A neighbor gave me her old Craftsman tractor it's a 1990 model 917.254920, 12hp Briggs with a 38" deck. She was going to give it to her son, but neither she, nor her son are mechanically inclined. Her son bought a new one & so did she. She gave me her old one. She kept the new battery she bought for it (bummer), but most likely she won't use it because she bought a new battery for hers, too. It'll go bad in a year or so.

Luckily, I put 2 new blades on it for her a couple years ago. Has a new air filter, too. I pressure washed it after I got it home. It was sitting since last year in the garage I have at a remote location. Installed a good used battery, filled the gas tank, topped off the oil & started it up. Ran it a while & adjusted the carb. It was sputtering & not reaching full rpms. Checked the cutting deck engagement & it works. 

Needs some air in the tires & the seat needs to be repaired a little better than it was. Should be a quick flip. So far, I only have a used battery & about 2 hours labor in it.

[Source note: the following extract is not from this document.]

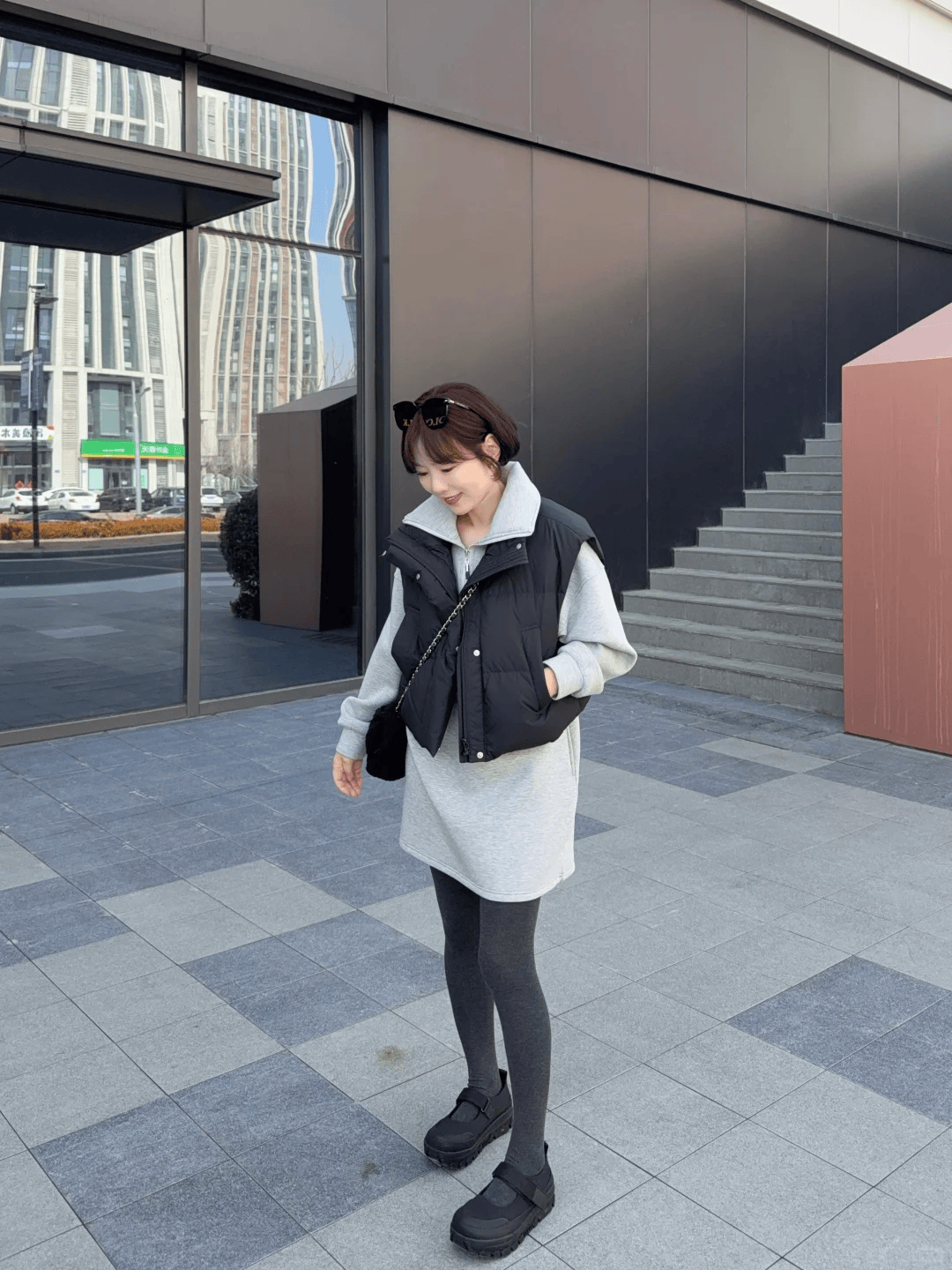 超短款羽绒马甲叠穿宽松的中长款卫衣,下半身搭配紧身的灰色打底裤,一松一紧间,赘肉隐形,线条利落,50+也能穿出轻盈高级感,而且整体造型单品的组合也超级减龄。

Sent from my SAMSUNG-SM-G850A using Tractor Forum mobile app


----------



## Hoodoo Valley (Nov 14, 2006)

Looks great on that snappy trailer!


----------



## TecumsehBriggs (Jun 17, 2011)

Hoodoo Valley said:


> Looks great on that snappy trailer!


That was 2 years ago after I rebuilt the trailer the first time. 

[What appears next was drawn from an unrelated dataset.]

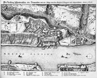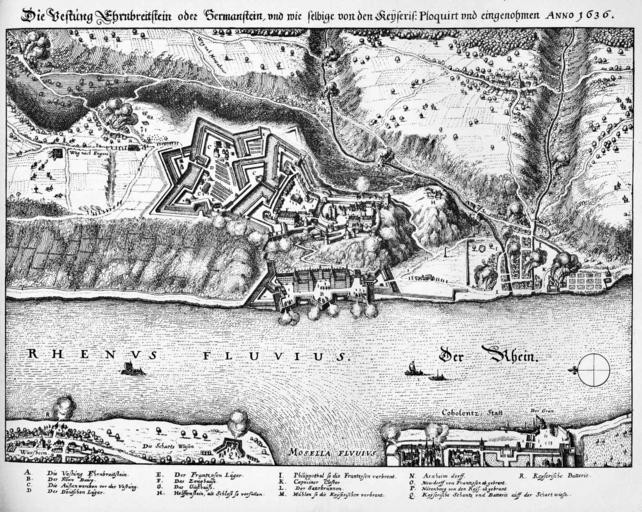 Keywords: De Merian Mainz Trier Köln 060.jpg Festung Ehrenbreitstein Historical images of the Festung Ehrenbreitstein 059 061 Maps of fortifications Kurfürstliche Residenz in Ehrenbreitstein

Sent from my SAMSUNG-SM-G850A using Tractor Forum mobile app


----------



## TecumsehBriggs (Jun 17, 2011)

Left rear tire will need a tube or be replaced. I have a few used tires & wheels. Gotta check sizes.

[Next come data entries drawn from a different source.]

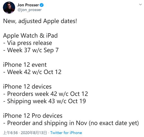 8月13日上午,海外数码博主 Jon Prosser 爆料了苹果秋季新品的最新安排,新 Apple Watch、新 iPad、iPhone 12、iPhone 12 Pro 将从九月开始陆续和大家见面。
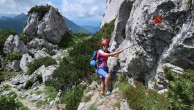 Der Aufstieg wird von vielen ohne Klettersteigausrüstung gemacht - nur für Schwächer und Kinder ist evtl. ein Klettersteigset nötig.
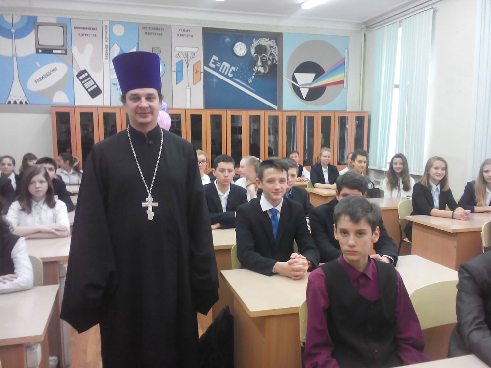 26 октября настоятель Георгиевского храма города Подольска священник Александр Никитин провёл миссионерскую беседу для старшеклассников в лицее №1. Священник рассказал об образе и подобии Божием в человеке, о силе таинства Покаяния и истолковал избранные классические произведения в свете христианского благочестия.

Sent from my SAMSUNG-SM-G850A using Tractor Forum mobile app


----------



## gman51 (Mar 22, 2016)

Looks darn good for a freebie.


----------



## wjjones (May 28, 2010)

You cant beat free, and a nice looking little tractor to boot.


----------



## TecumsehBriggs (Jun 17, 2011)

Found a pair of 18x9.5x8 tires mounted on wheels a friend gave me a month or 2 ago. Tires aren't great, but both have inner tubes & are mounted on Craftsman rims. Cleaned up the axles, applied anti-seize & slapped them on. Looks good. Holding air. Gotta level the deck & take a couple new pics with a nice background. The old tires were 18x8.5x8. 

Old tire sitting in front of new tire for size comparison.









Sent from my SAMSUNG-SM-G850A using Tractor Forum mobile app


----------



## TecumsehBriggs (Jun 17, 2011)

New pic









Sent from my SAMSUNG-SM-G850A using Tractor Forum mobile app

Touched up gloss black paint on rear of tractor, tunnel cover & seat back. Removed old electrical tape seat repair, cleaned off old glue residue & covered cracks with black duct tape. Added new pics to craigslist ad. Put a For Sale sign on it & it's sitting in front of my house now.


----------



## TecumsehBriggs (Jun 17, 2011)

All that work & barely a nibble. Gotta sell this thing.

Sent from my SAMSUNG-SM-G850A using Tractor Forum mobile app


----------



## Hoodoo Valley (Nov 14, 2006)

Try putting some mag wheels on there. 

Around here anyways, it's the end of the season and folks are starting to think...... THINK...... about shifting gears to fall.... even though it's still a little bit away. Anyways, keep after it. It's a sharp enough looking rig. It'll sell!


----------



## TecumsehBriggs (Jun 17, 2011)

Now it has company...
















Sent from my SAMSUNG-SM-G850A using Tractor Forum mobile app


----------



## TecumsehBriggs (Jun 17, 2011)

Company gone. Got a guy stopping by tomorrow to take a look. Cross your fingers...

Sent from my SAMSUNG-SM-G850A using Tractor Forum mobile app


----------



## TecumsehBriggs (Jun 17, 2011)

Buyer backed out. Said he had to get a blood test & would get back to me. He hasn't.

Sent from my SAMSUNG-SM-G850A using Tractor Forum mobile app


----------



## TecumsehBriggs (Jun 17, 2011)

Created a listing on facebook yesterday. Sold today for a hefty profit.

Sent from my SAMSUNG-SM-G850A using Tractor Forum mobile app


----------